Voted #1 in the Annual iZotope guacamole contest!
serves 3-4 for appetizers
3 stalks fresh lemongrass, the bottom 6" only, chopped (about 1/3 cup)
2" piece of fresh ginger, peeled and roughly chopped
1/2 tsp coriander seeds
2 cloves garlic
1 hot pepper (such as jalepeno or birds eye chili) seeds removed, chopped
1 shallot, finely diced
4 ripe avocados
1/2 cup cherry tomatoes, chopped
small bunch cilantro, stems separated and chopped and leaves (torn)
small bunch Thai basil
2 tsp salt
cayenne (to taste)
In a mortar and pestle, place the chopped lemongrass, ginger, garlic and coriander and smash/pound to a fine paste, about 10 minutes. If your mortar is small, transfer to a bigger bowl and add the chili, shallot and ripe avocados. Using the mortar or a hefty wooden spoon, smash the avocados to combine with the other ingredients.
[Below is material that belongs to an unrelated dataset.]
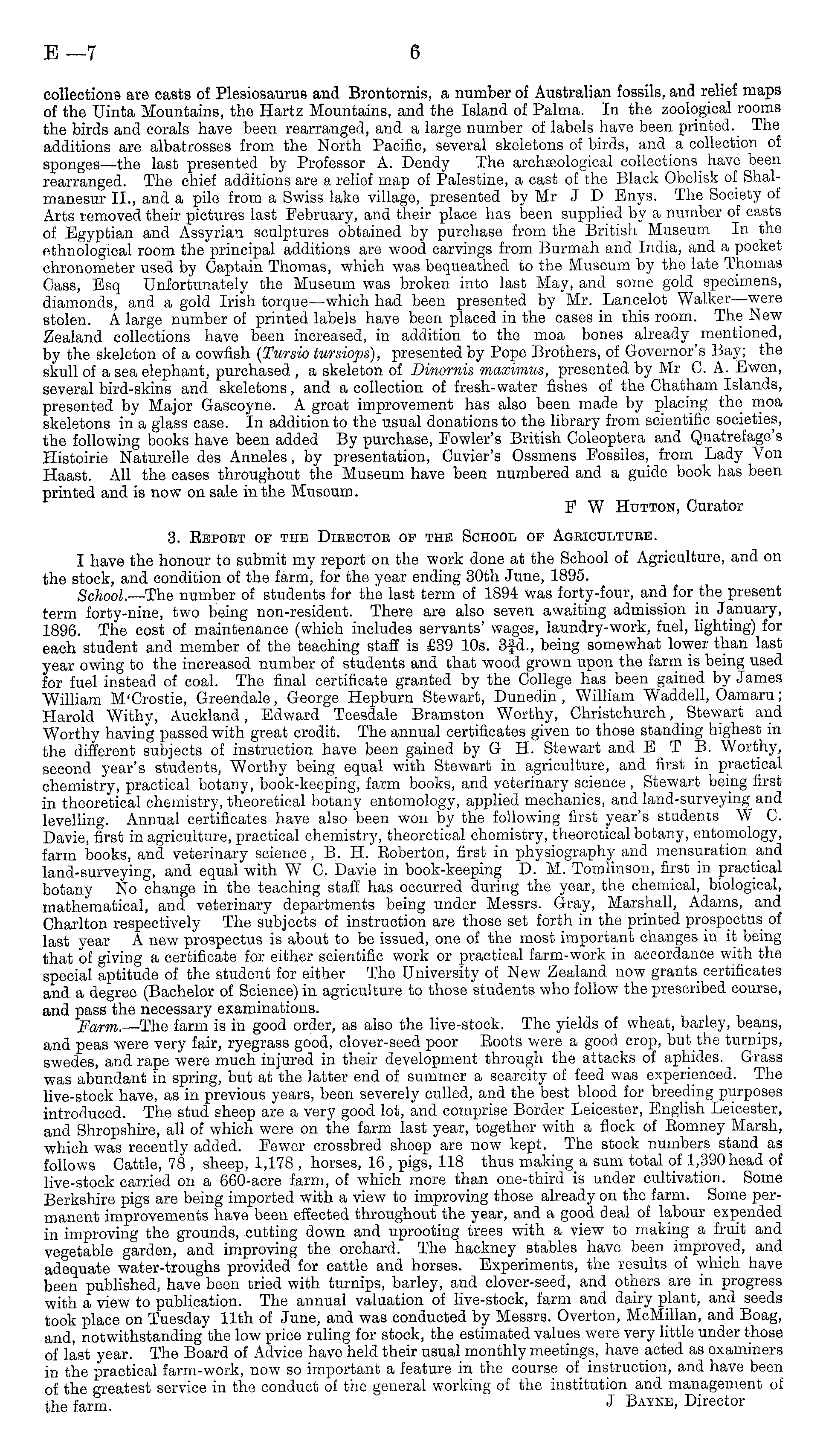 collections are easts of Plesiosaurus and Brontornis, a number of Australian fossils, and relief maps of the Uinta Mountains, the Hartz Mountains, and the Island of Palma. In the zoological rooms the birds and corals have been rearranged, and a large number of labels have been printed. _ The additions are albatrosses from the North Pacific, several skeletons of birds, and a collection of sponges—the last presented by Professor A. Dendy The archaeological collections_ have been rearranged. The chief additions are a relief map of Palestine, a cast of the Black Obelisk of Shalmanesur 11., and a pile from a Swiss lake village, presented by Mr J D Bays. The Society of Arts removed their pictures last February, and their place has been supplied by a number of casts of Egyptian and Assyrian sculptures obtained by purchase from the British Museum In the ethnological room the principal additions are wood carvings from Burmah and India, and a pocket chronometer used by Captain Thomas, which was bequeathed to the Museum by the late Thomas Cass, Esq Unfortunately the Museum was broken into last May, and some gold specimens, diamonds, and a gold Irish torque —which had been presented by Mr. Lancelot Walker —were stolen. A large number of printed labels have been placed in the cases in this room. The New Zealand collections have been increased, in addition to the moa bones already mentioned, by the skeleton of a cowfish (Tursio tursiops), presented by Pope Brothers, of Governor's Bay; the skull of a sea elephant, purchased , a skeleton of Dinornis maximus, presented by Mr C. A. Ewen, several bird-skins and skeletons, and a collection of fresh-water fishes of the Chatham Islands, presented by Major Gascoyne. A great improvement has also been made by placing the moa skeletons in a glass case. In addition to the usual donations to the library from scientific societies, the following books have been added By purchase, Fowler's British Coleoptera and Quatrefage's Histoirie Naturelle dcs Anneles, by presentation, Cuvier's Ossmens Fossiles, from Lady Yon Haast. All the cases throughout the Museum have been numbered and a guide book has been printed and is now on sale in the Museum. F W Hutton, Curator 3. Beport of the Director of the School of Agriculture. I have the honour to submit my report on the work done at the School of Agriculture, and on the stock, and condition of the farm, for the year ending 30th June, 1895. School. —The number of students for the last term of 1894 was forty-four, and for the present term forty-nine, two being non-resident. There are also seven awaiting admission in January, 1896. The cost of maintenance (which includes servants' wages, laundry-work, fuel, lighting) for each student and member of the teaching staff is £39 10s. 3fd., being somewhat lower than last year owing to the increased number of students and that wood grown upon the farm is being used for fuel instead of coal. The final certificate granted by the College has been gained by James William M'Crostie, Greendale, George Hepburn Stewart, Dunedin, William Waddell, Oamaru; Harold Withy, Auckland, Edward Teesdale Bramston Worthy, Ohristchurch ,_ Stewart and Worthy having passed with great credit. The annual certificates given to those standing highest in the different subjects of instruction have been gained by GH. Stewart and TB. Worthy, second year's students, Worthy being equal with Stewart in agriculture, and first in practical chemistry, practical botany, book-keeping, farm books, and veterinary science, Stewart being first in theoretical chemistry, theoretical botany entomology, applied mechanics, and land-surveying_ and levelling. Annual certificates have also been won by the following first year's students W C. Davie, first in agriculture, practical chemistry, theoretical chemistry, theoretical botany, entomology, farm books, and veterinary science, B. H.'Boberton, first in physiography and mensuration and land-surveying, and equal with W C. Davie in book-keeping D. M. Tomlinson, first in practical botany No change in the teaching staff has occurred during the year, the chemical, biological, mathematical, and veterinary departments being under Messrs. Gray, Marshall, Adams, and Charlton respectively The subjects of instruction are those set forth in the printed prospectus of last year A new prospectus is about to be issued, one of the most important changes in it being that of giving a certificate for either scientific work or practical farm-work in accordance with the special aptitude of the student for either The University of New Zealand now grants certificates and a degree (Bachelor of Science) in agriculture to those students who follow the prescribed course, and pass the necessary examinations. Farm. —The farm is in good order, as also the live-stock. The yields of wheat, barley, beans, and peas were very fair, ryegrass good, clover-seed poor Boots were a good crop, but the turnips, swedes, and rape were much injured in their development through the attacks of aphides. Grass was abundant in spring, but at the Jatter end of summer a scarcity of feed was experienced. The live-stock have, as in previous years, been severely culled, and the best blood for breeding purposes introduced. The stud sheep are a very good lot, and comprise Border Leicester, English Leicester, and Shropshire, all of which were on the farm last year, together with a flock of Somney Marsh, which was recently added. Fewer crossbred sheep are now kept. The stock numbers stand as follows Cattle, 78 , sheep, 1,178 , horses, 16, pigs, 118 thus making a sum total of 1,390 head of live-stock carried on a 660-acre farm, of which more than one-third is under cultivation. Some Berkshire pigs are being imported with a view to improving those already on the farm. Some permanent improvements have been effected throughout the year, and a good deal of labour expended in improving the grounds, cutting down and uprooting trees with a view 
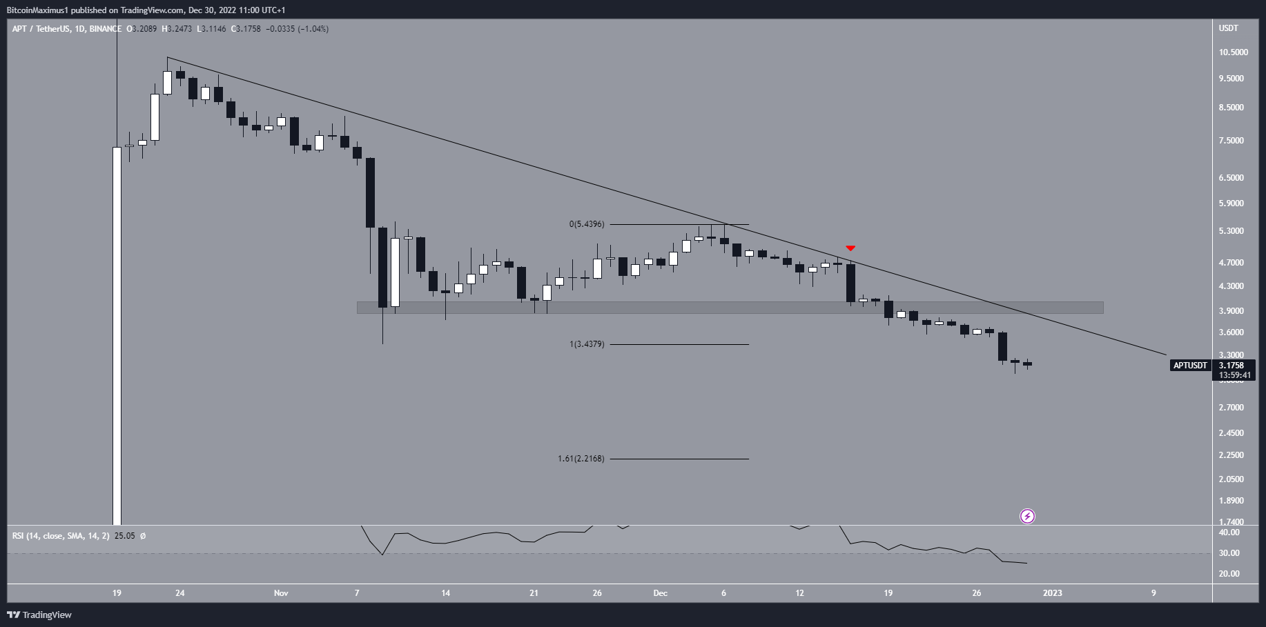 O APT caiu abaixo de uma linha de resistência descendente desde 23 de outubro. Mais recentemente, a linha causou uma rejeição em 16 de dezembro (ícone vermelho) e quebrou a área de suporte de US$ 3,95 no dia seguinte. Este é um desenvolvimento importante, uma vez que a área existe desde 8 de novembro.

Once combined, add the chopped stems of the cilantro and the cherry tomatoes, lime juice and salt. As soon as you're ready to serve, add the fresh cilantro leaves and fresh Thai basil leaves, torn to release their scent. Salt to taste and add a little cayenne for extra kick! Stir quickly and serve.
Many stores don't carry fresh lemongrass. However, I've seen a new product that is a squeezy bottle of puréed lemongrass sold in the produce section - this will work, just note you'll need to use more of it since it has a weaker flavor.
Thai basil is not often found in regular supermarkets; try an asian-foods store, or better yet buy a small potted version at your local nursery. It's easy to grow!